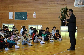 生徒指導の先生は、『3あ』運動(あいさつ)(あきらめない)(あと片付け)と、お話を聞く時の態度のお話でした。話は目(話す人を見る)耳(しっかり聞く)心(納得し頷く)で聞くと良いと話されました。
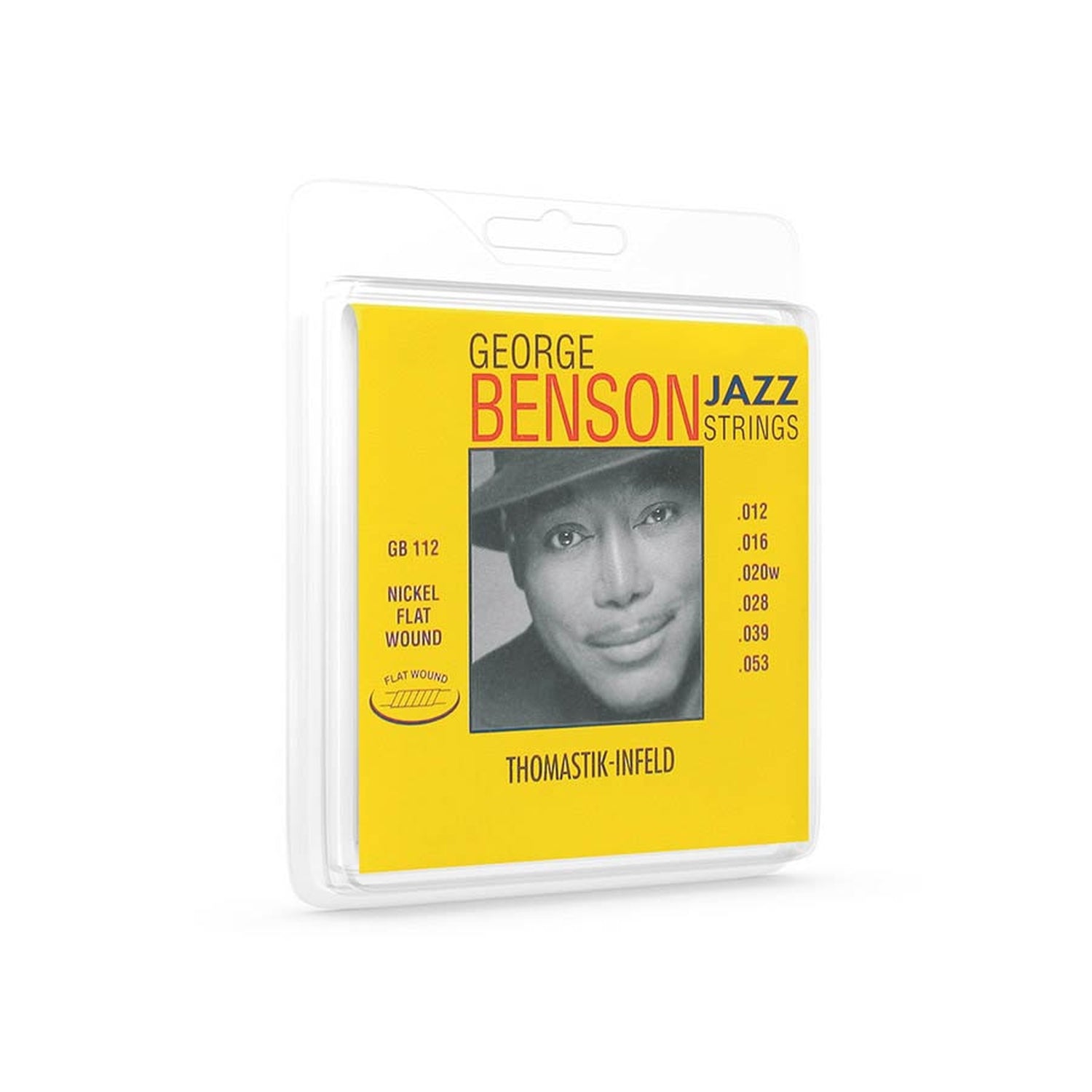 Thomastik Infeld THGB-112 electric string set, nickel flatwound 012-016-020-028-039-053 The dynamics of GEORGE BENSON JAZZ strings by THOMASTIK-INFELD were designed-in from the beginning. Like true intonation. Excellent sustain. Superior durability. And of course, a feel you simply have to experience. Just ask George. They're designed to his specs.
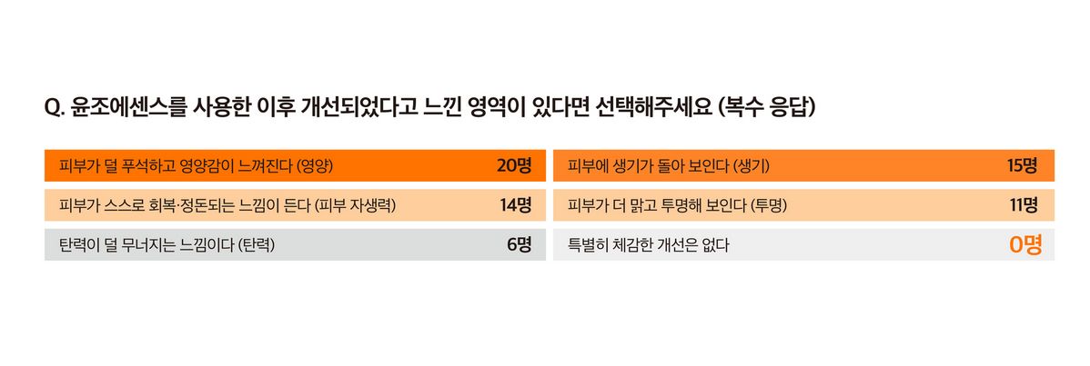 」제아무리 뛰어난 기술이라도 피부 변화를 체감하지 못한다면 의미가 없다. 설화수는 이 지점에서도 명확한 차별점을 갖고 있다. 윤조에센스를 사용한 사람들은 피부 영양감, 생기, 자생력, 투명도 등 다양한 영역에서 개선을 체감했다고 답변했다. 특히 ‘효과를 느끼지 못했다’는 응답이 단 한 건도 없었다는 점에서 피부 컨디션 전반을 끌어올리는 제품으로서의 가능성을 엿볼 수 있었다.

------------------------------------

• _TASK DETAILS_
Output all of the data exactly as it stands, minus any images.

• _PROBLEM SOLUTION_
 生徒指導の先生は、『3あ』運動(あいさつ)(あきらめない)(あと片付け)と、お話を聞く時の態度のお話でした。話は目(話す人を見る)耳(しっかり聞く)心(納得し頷く)で聞くと良いと話されました。
 Thomastik Infeld THGB-112 electric string set, nickel flatwound 012-016-020-028-039-053 The dynamics of GEORGE BENSON JAZZ strings by THOMASTIK-INFELD were designed-in from the beginning. Like true intonation. Excellent sustain. Superior durability. And of course, a feel you simply have to experience. Just ask George. They're designed to his specs.
 」제아무리 뛰어난 기술이라도 피부 변화를 체감하지 못한다면 의미가 없다. 설화수는 이 지점에서도 명확한 차별점을 갖고 있다. 윤조에센스를 사용한 사람들은 피부 영양감, 생기, 자생력, 투명도 등 다양한 영역에서 개선을 체감했다고 답변했다. 특히 ‘효과를 느끼지 못했다’는 응답이 단 한 건도 없었다는 점에서 피부 컨디션 전반을 끌어올리는 제품으로서의 가능성을 엿볼 수 있었다.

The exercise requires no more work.